A part of him knew his plan with all the substantiality of a heat mirage wouldn’t hold against the weight of reality. He couldn’t imagine how he would approach the minister without offending him. His best hope was throwing himself at the man’s mercy, but no one would be impressed by an old cripple, especially one that couldn’t properly venerate their khan.
He was nothing but waste. Trash that would never be allowed to dirty the gleaming streets of the Celestial City.
All Akeem wanted was to return home and wallow in his misery, perhaps for the rest of his life, but it wasn’t to be. When he made to push through the crowd, a wave of intense weakness overcame him. The old raider dropped to his knees as he grit his teeth against the following wave of pain. It wasn’t as bad as losing his hand, but it was accompanied by an abominable sensation. Something was reaching into him…and pulling.

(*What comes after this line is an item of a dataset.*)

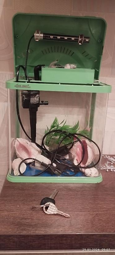 Продаю аквариум на 50 литров полный комплект+ рыбки а также всё что на фото ,аквариум отдам за 6000 сом в комплект аквариума входит: фильтр,подсветка, обогреватель, градусник а также зелённые рас...

Another wave of pain sent him to the ground, Akeem instinctively curling up and shielding his head. For a moment. The next wave of pain brought with it muscle spasms, forcing his limbs to flap around uselessly. His stomach threw up what little was in it and he rolled in a puddle of his own filth as the convulsions stripped him of his control.
Akeem had never been so afraid. Not even the morning he came out of his fever and realized his missing hand wasn’t a nightmare could compare. Then, he still had a hint of his youthful arrogance and believed he could overcome anything.
The years had beaten into him how mundane he was. How weak. Death was very real and, in those moments that he lost control of his body, closer than ever. He couldn’t explain how he knew but with each tug on his being, Akeem became surer.
He was dying.
His first instinct was to fight, but there was no way to fend off the ghostly claws assaulting the inside of his body. He tried to scream for help, beg for it, but no sound could escape his tight throat. He was helpless.
And so were those he hoped would come to his aid. He couldn’t see much while thrashing around but he noticed that the crowd was collapsing around him, the men and women reduced to the same pitiful state. It spread like a vile sickness, claiming the whole crowd moments after Akeem fell.
Beneath the deceivingly serene glow of Aylen, over three thousand souls were claimed by malevolent forces. Their lifeless forms were contorted in grotesque agony, each a testament to unspeakable horrors. Yet, amidst the macabre scene, a chilling uniformity prevailed: every cadaver bore an arm thrust skyward, fingers tightly holding glass bowls half-filled with crimson sand, sinister offerings to a dark presence that haunted the shadows.